The findings from the sensitivity analysis underscore the significant influence of several factors on the outcomes, including the cost of best supportive care, the utility of PFS, the subsequent costs, the utility of PD, the cost of serplulimab, and the PFS utility. However, it is imperative to highlight that even when these parameters were varied by ±25%, they did not substantially alter the overall findings of the analysis. This observation holds substantial importance as it indicates the robustness of the model and suggests that the results are not highly susceptible to changes in these aforementioned parameters.
Previous studies have extensively examined the pharmacoeconomics of ICIs in combination with chemotherapy as a first-line treatment for ES-SCLC. One notable study conducted by Zhu et al. compared the cost-effectiveness of pembrolizumab, as a first-line treatment for ES-SCLC patients from the perspective of US payers. Their findings indicated that pembrolizumab may not be a financially viable option (28). Furthermore, Ionova et al. developed a Markov model to evaluate the cost-effectiveness of two other ICIs, durvalumab and atezolizumab.
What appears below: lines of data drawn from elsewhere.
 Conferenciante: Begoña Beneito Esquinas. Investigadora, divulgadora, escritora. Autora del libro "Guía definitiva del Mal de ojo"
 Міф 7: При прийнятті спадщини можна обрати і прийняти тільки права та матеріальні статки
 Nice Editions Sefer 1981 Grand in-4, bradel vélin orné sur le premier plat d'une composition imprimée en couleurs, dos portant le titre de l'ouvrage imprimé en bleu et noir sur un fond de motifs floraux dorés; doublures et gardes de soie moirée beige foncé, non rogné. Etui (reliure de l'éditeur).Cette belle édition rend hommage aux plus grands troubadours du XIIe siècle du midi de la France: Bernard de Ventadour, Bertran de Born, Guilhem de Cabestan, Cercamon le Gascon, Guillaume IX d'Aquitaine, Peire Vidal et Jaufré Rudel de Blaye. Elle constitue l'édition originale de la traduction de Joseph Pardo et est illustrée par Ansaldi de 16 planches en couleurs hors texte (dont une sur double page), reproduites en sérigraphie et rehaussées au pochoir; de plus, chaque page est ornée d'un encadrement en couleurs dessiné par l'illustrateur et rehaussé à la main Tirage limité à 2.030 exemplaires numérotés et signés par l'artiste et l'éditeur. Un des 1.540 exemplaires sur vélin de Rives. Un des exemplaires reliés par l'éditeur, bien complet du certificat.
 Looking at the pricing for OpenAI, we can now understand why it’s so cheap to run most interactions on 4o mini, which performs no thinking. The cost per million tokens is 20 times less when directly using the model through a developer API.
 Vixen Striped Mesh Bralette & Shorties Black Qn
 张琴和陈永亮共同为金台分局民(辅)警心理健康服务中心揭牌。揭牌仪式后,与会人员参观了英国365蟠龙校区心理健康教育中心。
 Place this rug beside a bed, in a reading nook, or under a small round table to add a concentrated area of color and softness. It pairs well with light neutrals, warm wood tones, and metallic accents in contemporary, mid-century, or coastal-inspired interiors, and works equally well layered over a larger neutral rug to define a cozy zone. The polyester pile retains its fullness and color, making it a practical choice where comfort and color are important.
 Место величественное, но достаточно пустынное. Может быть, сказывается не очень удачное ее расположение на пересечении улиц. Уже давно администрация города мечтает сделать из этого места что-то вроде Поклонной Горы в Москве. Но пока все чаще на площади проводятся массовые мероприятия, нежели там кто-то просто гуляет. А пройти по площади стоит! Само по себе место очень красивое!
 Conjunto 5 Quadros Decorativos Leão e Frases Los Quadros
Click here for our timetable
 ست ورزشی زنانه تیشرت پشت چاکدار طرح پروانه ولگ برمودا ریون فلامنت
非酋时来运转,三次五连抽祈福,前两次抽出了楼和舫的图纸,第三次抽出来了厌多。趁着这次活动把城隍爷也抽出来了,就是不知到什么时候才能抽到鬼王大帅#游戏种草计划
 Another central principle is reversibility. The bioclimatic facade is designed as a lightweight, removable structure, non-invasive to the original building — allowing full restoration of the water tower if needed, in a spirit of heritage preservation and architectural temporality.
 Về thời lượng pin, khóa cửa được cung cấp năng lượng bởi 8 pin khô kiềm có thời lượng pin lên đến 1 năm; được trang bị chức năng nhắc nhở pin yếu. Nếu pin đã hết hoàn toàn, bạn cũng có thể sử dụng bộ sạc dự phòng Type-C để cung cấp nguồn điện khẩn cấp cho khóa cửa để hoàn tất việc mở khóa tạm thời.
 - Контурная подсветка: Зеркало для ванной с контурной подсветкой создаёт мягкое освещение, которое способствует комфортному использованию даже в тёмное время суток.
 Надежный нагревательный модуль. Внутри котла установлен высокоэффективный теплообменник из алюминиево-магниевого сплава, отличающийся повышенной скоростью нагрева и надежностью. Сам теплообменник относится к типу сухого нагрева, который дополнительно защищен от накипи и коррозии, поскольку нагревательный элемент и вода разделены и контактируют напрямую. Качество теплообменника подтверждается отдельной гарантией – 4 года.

Their analysis revealed that atezolizumab, in comparison to durvalumab, provided greater health and cost benefits for ES-SCLC patients in the United States (29). Moreover, an important study by Wang et al. investigated the cost-effectiveness of adebrelimab, a different therapeutic approach, in comparison to chemotherapy for ES-SCLC patients. Their results suggested that adebrelimab in combination with chemotherapy might be a cost-effective strategy for the first-line treatment of ES-SCLC from the Chinese healthcare system (30). The aforementioned studies have made significant contributions to the existing body of research on the cost-effectiveness analysis of diverse therapeutic approaches, thus offering valuable insights into the economic viability of ICIs as a treatment option for ES-SCLC. The economic implications of utilizing ICIs in combination with chemotherapy for ES-SCLC represent a crucial area of study, and the findings from these scholarly investigations shed light on the cost-effectiveness and feasibility of such treatment approaches (31). Further research is warranted to explore additional factors influencing the pharmacoeconomics of ES-SCLC treatments, taking into account various healthcare systems and cost thresholds.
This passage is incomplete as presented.